> **Problem to work on**: Return, word for word, every entry in the listing below, but not its images.

Segment Open

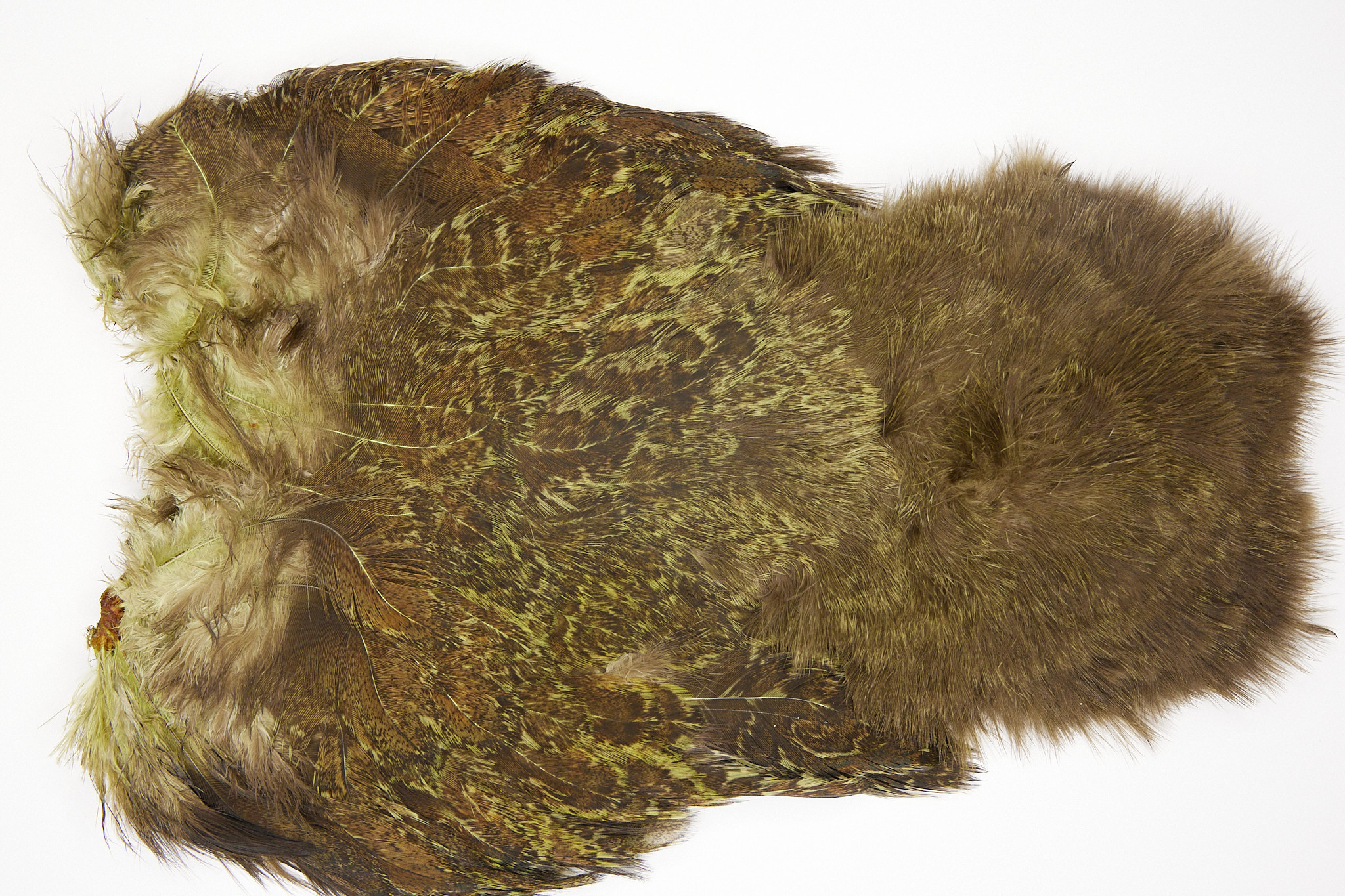 2518 is a Coq De Leon Rooster Cape of Chickabou Olive color. The image shown is an actual photo of this dry fly saddle. This is NEW UNUSED HACKLE.
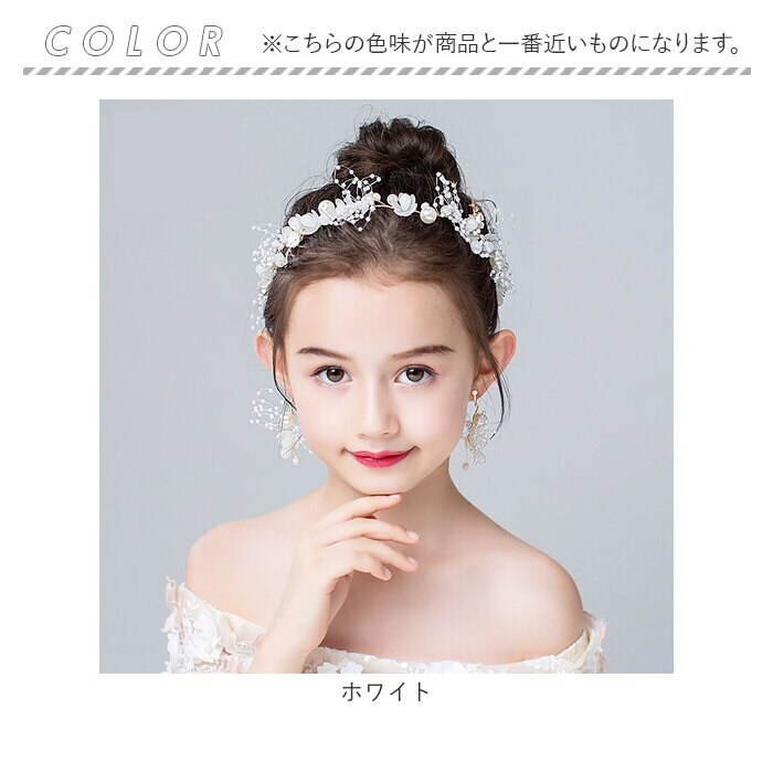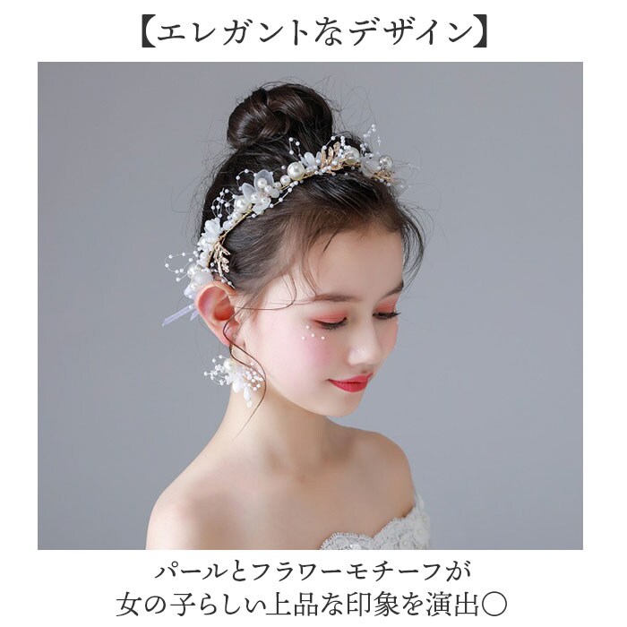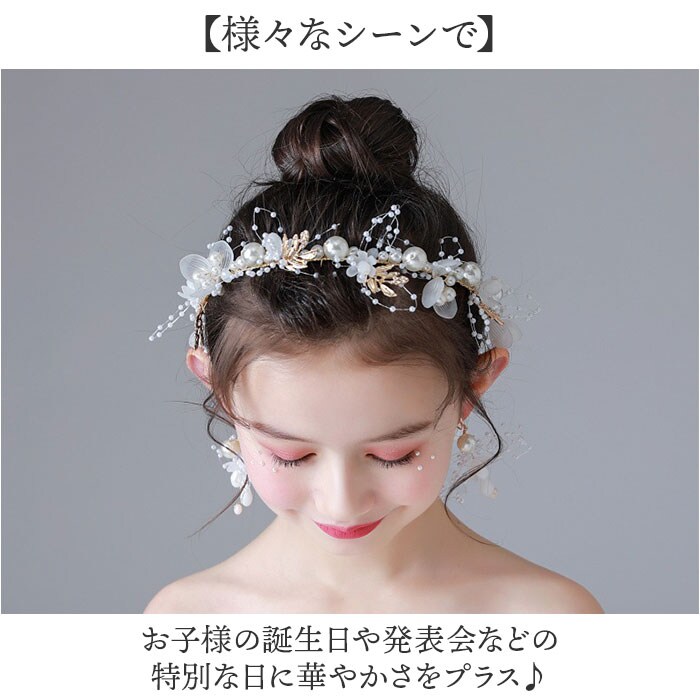 | 商品説明 | 【ドレスアップのポイントに】お顔まわりが華やかになるキッズヘアアクセサリーが登場。【髪飾り&イヤリングの2点セット】髪飾りとお揃いデザインのイヤリングで統一感UP♪【お好みの位置に】両端のリングにヘアピンやリボンでお好みの場所に簡単装着◎※ヘアピンは付属しておりません。【エレガントなデザイン】パールとフラワーモチーフが女の子らしい上品な印象を演出〇【様々なシーンで】お子様の誕生日や発表会などの特別な日に華やかさをプラス♪ |
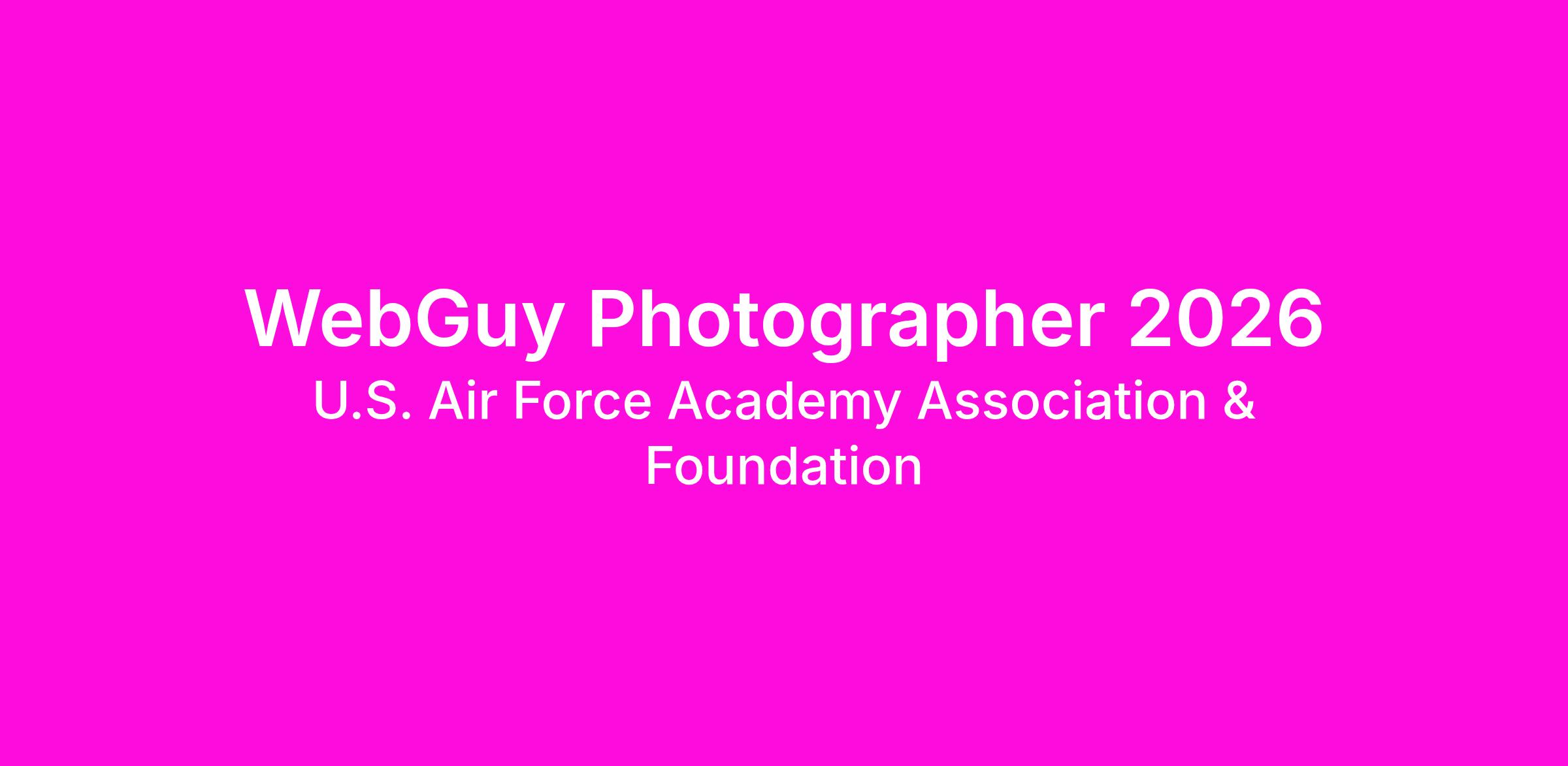 The Association & Foundation, in support of the U.S. Air Force Academy, seeks customer service-oriented individuals to join the alumni programs team as WebGuy Photographers ('Photographers'). The Photographers will capture photos for our the WebGuy Program that showcase the incoming class of cadets as they participate in various events hosted by the United States Air Force Academy ('Academy') during the summer.
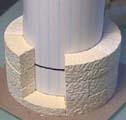 | 1. | To build the tower, you will need 12 castings of the turret mold #61. You will also need 4 castings of the slate conical roof mold #87. We'll start with the base of the tower. Glue the first layer of blocks down to a piece of cereal box. Be sure that one of the outside blocks is a flat one (for the threshold of the doorway). |
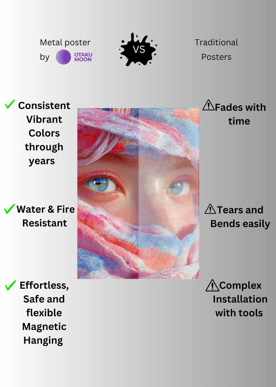At Otaku Moon, we blend cutting-edge innovation with centuries-old Japanese craftsmanship to create metal wall posters that are as durable as they are breathtaking. Designed for art lovers who demand vibrancy, versatility, and longevity, our posters are handmade using futuristic techniques to deliver superior color contrast, remarkable detail, and a glossy finish that brings every artwork to life.
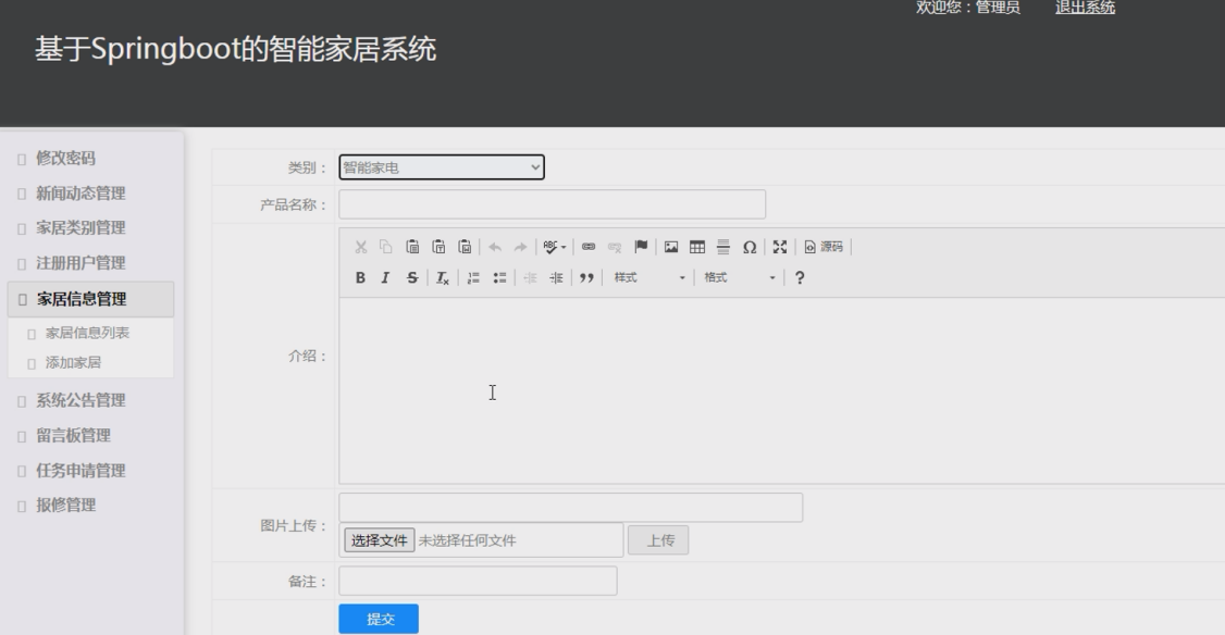 管理员用户可通过家居信息管理模块添加家居信息,包括家居类别、家居产品名称、产品介绍、图片上传及备注,通过家居信息列表可查看和管理系统内的家居产品信息。

Segment Closed

> **Exercise response**:
 2518 is a Coq De Leon Rooster Cape of Chickabou Olive color. The image shown is an actual photo of this dry fly saddle. This is NEW UNUSED HACKLE.
 | 商品説明 | 【ドレスアップのポイントに】お顔まわりが華やかになるキッズヘアアクセサリーが登場。【髪飾り&イヤリングの2点セット】髪飾りとお揃いデザインのイヤリングで統一感UP♪【お好みの位置に】両端のリングにヘアピンやリボンでお好みの場所に簡単装着◎※ヘアピンは付属しておりません。【エレガントなデザイン】パールとフラワーモチーフが女の子らしい上品な印象を演出〇【様々なシーンで】お子様の誕生日や発表会などの特別な日に華やかさをプラス♪ |
 The Association & Foundation, in support of the U.S. Air Force Academy, seeks customer service-oriented individuals to join the alumni programs team as WebGuy Photographers ('Photographers'). The Photographers will capture photos for our the WebGuy Program that showcase the incoming class of cadets as they participate in various events hosted by the United States Air Force Academy ('Academy') during the summer.
 | 1. | To build the tower, you will need 12 castings of the turret mold #61. You will also need 4 castings of the slate conical roof mold #87. We'll start with the base of the tower. Glue the first layer of blocks down to a piece of cereal box. Be sure that one of the outside blocks is a flat one (for the threshold of the doorway). |
At Otaku Moon, we blend cutting-edge innovation with centuries-old Japanese craftsmanship to create metal wall posters that are as durable as they are breathtaking. Designed for art lovers who demand vibrancy, versatility, and longevity, our posters are handmade using futuristic techniques to deliver superior color contrast, remarkable detail, and a glossy finish that brings every artwork to life.
 管理员用户可通过家居信息管理模块添加家居信息,包括家居类别、家居产品名称、产品介绍、图片上传及备注,通过家居信息列表可查看和管理系统内的家居产品信息。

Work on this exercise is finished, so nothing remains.